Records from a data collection
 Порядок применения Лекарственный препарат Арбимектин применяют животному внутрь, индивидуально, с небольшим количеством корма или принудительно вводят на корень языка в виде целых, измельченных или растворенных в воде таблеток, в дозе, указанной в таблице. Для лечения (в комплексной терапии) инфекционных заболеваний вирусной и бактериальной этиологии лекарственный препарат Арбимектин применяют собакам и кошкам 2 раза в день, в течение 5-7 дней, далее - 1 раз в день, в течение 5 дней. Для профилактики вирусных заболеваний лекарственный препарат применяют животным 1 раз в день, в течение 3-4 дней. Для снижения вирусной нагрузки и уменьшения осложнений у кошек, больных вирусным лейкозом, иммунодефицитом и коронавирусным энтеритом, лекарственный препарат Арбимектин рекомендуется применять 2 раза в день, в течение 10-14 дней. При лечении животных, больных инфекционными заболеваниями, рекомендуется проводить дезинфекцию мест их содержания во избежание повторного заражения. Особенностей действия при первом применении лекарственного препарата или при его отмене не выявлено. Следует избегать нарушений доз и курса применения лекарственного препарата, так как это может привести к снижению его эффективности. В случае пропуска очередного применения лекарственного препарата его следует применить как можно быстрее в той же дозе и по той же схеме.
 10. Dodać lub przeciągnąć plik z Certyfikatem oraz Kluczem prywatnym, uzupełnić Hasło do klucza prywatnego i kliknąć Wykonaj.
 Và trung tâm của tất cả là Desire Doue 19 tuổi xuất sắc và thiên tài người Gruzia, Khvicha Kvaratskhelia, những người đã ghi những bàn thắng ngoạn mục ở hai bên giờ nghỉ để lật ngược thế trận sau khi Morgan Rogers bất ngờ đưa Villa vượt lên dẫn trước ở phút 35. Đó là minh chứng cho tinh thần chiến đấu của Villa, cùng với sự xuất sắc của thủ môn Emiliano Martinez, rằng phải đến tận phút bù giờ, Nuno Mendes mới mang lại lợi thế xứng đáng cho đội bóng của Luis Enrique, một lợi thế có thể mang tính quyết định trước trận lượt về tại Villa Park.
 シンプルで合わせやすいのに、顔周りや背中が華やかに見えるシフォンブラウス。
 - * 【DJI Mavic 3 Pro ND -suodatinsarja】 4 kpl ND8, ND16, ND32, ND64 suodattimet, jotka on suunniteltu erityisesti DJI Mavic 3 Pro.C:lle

* * *

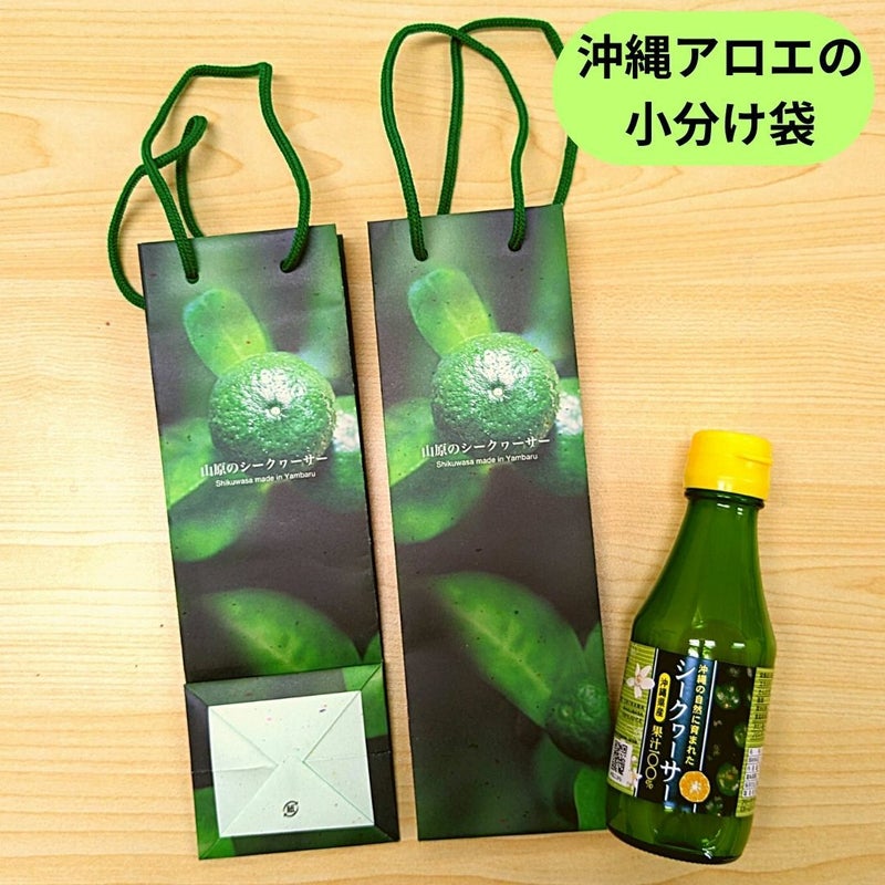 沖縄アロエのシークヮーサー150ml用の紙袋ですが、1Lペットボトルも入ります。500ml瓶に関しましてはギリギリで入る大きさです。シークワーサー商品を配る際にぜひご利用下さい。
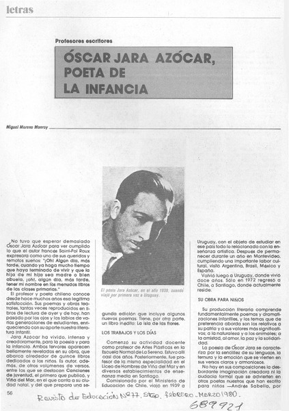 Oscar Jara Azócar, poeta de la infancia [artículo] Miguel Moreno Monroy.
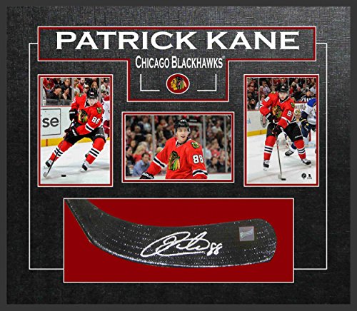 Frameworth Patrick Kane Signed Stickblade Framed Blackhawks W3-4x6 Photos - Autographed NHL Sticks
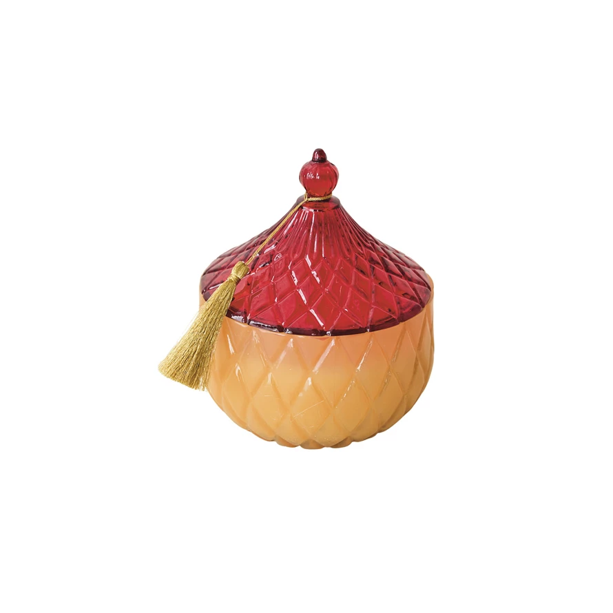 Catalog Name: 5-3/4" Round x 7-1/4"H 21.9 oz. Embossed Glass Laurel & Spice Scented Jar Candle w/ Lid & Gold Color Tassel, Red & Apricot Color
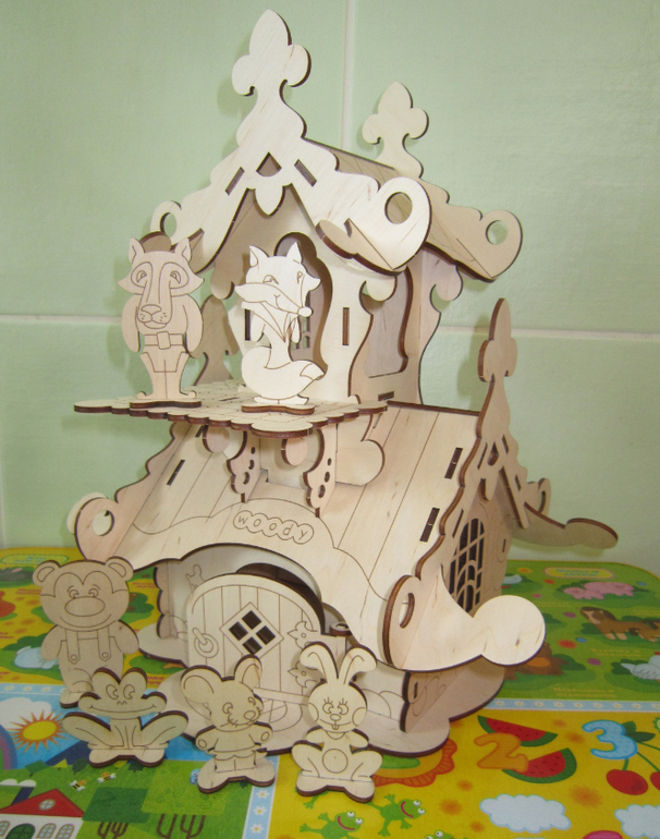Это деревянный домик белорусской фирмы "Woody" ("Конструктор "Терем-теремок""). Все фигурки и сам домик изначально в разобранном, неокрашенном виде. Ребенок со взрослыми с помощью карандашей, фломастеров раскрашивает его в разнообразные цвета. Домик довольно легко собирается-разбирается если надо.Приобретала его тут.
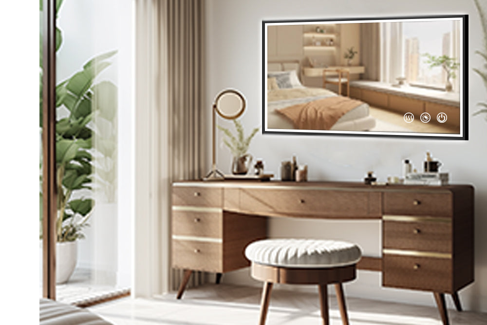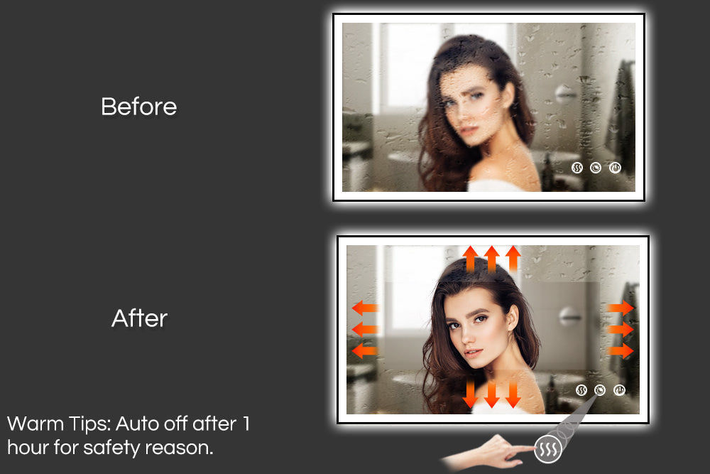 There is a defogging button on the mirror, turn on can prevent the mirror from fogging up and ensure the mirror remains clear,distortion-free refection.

== Problem statement ==
Only the lines above from the one with "Frameworth Patrick Kane" to the one with "Red & Apricot Color" should be printed, both included and exactly as written; no picture belongs in the copy.

== Solution to this exercise ==
 Frameworth Patrick Kane Signed Stickblade Framed Blackhawks W3-4x6 Photos - Autographed NHL Sticks
 Catalog Name: 5-3/4" Round x 7-1/4"H 21.9 oz. Embossed Glass Laurel & Spice Scented Jar Candle w/ Lid & Gold Color Tassel, Red & Apricot Color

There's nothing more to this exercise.